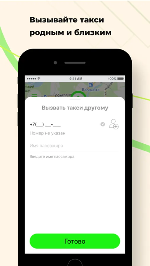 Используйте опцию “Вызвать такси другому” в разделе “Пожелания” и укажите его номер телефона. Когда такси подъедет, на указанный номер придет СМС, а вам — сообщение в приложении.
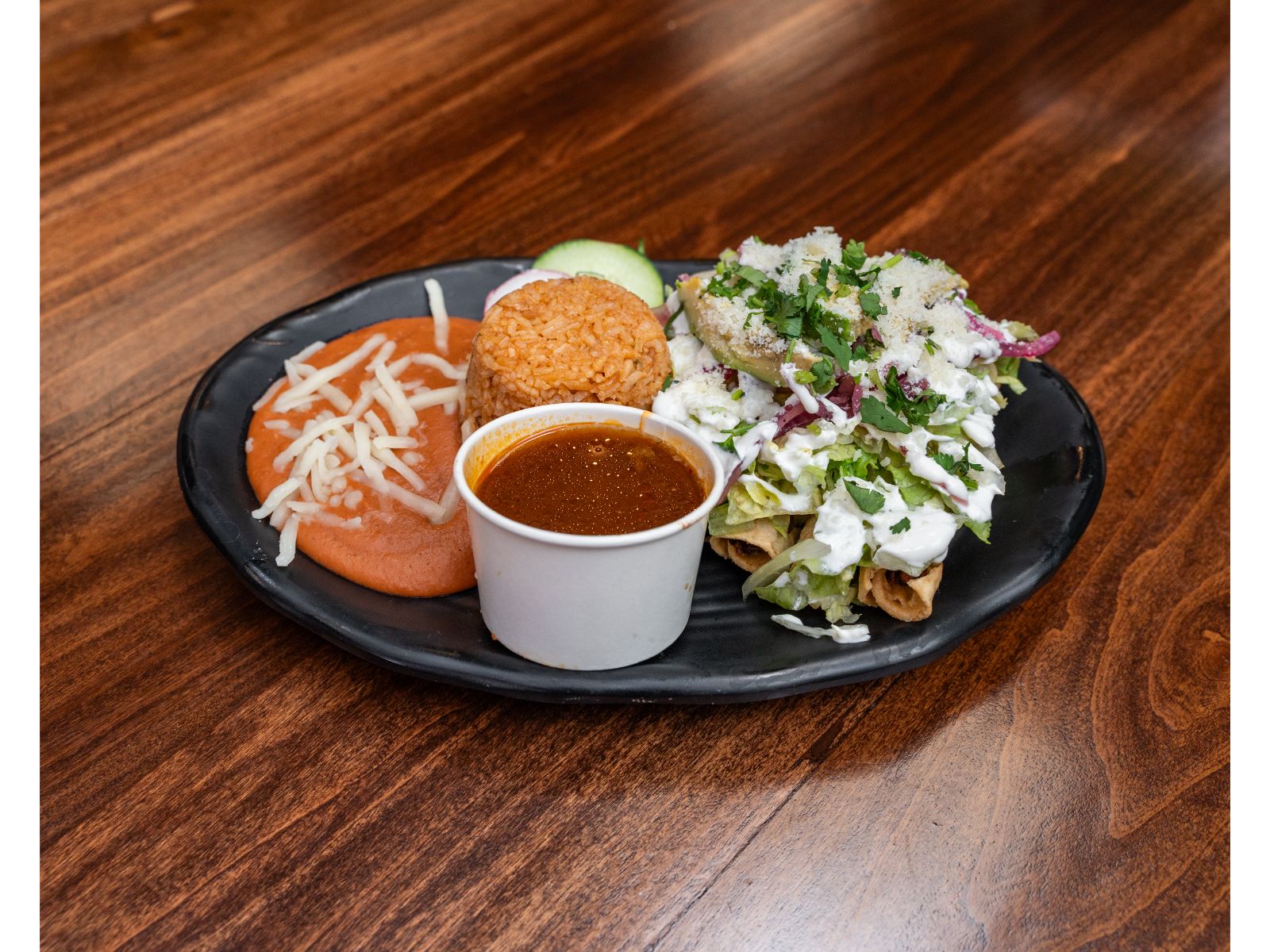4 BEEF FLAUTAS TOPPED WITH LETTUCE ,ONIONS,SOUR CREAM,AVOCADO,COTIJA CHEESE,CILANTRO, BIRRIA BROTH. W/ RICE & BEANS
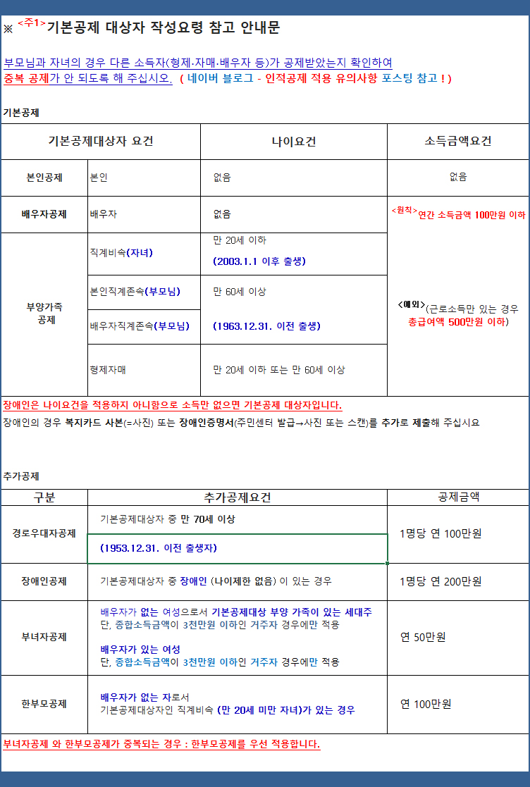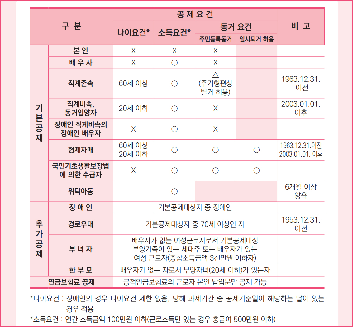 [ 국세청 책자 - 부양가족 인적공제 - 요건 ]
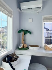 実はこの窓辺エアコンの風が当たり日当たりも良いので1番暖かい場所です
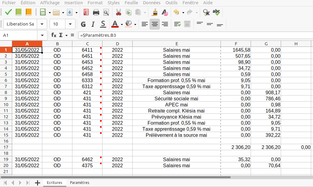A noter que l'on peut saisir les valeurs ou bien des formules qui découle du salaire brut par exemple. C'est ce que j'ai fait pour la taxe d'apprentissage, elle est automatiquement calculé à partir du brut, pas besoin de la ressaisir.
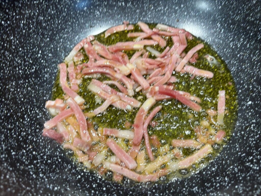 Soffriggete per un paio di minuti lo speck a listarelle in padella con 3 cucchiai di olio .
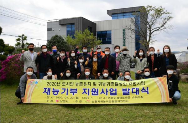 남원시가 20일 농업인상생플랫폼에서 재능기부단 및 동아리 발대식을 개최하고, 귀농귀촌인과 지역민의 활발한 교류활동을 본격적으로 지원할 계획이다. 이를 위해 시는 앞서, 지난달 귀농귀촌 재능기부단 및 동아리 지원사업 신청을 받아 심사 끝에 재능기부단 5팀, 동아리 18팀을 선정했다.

________________________

● **TASK TO CARRY OUT**:
Copy out exactly the lines from the one with "実はこの窓辺エアコンの風が当たり日当たりも良いので1番暖かい場所です" through the end of the listing, both ends included, omitting any picture.

● **OUTPUT FOR THIS TASK**:
 実はこの窓辺エアコンの風が当たり日当たりも良いので1番暖かい場所です
A noter que l'on peut saisir les valeurs ou bien des formules qui découle du salaire brut par exemple. C'est ce que j'ai fait pour la taxe d'apprentissage, elle est automatiquement calculé à partir du brut, pas besoin de la ressaisir.
 Soffriggete per un paio di minuti lo speck a listarelle in padella con 3 cucchiai di olio .
 남원시가 20일 농업인상생플랫폼에서 재능기부단 및 동아리 발대식을 개최하고, 귀농귀촌인과 지역민의 활발한 교류활동을 본격적으로 지원할 계획이다. 이를 위해 시는 앞서, 지난달 귀농귀촌 재능기부단 및 동아리 지원사업 신청을 받아 심사 끝에 재능기부단 5팀, 동아리 18팀을 선정했다.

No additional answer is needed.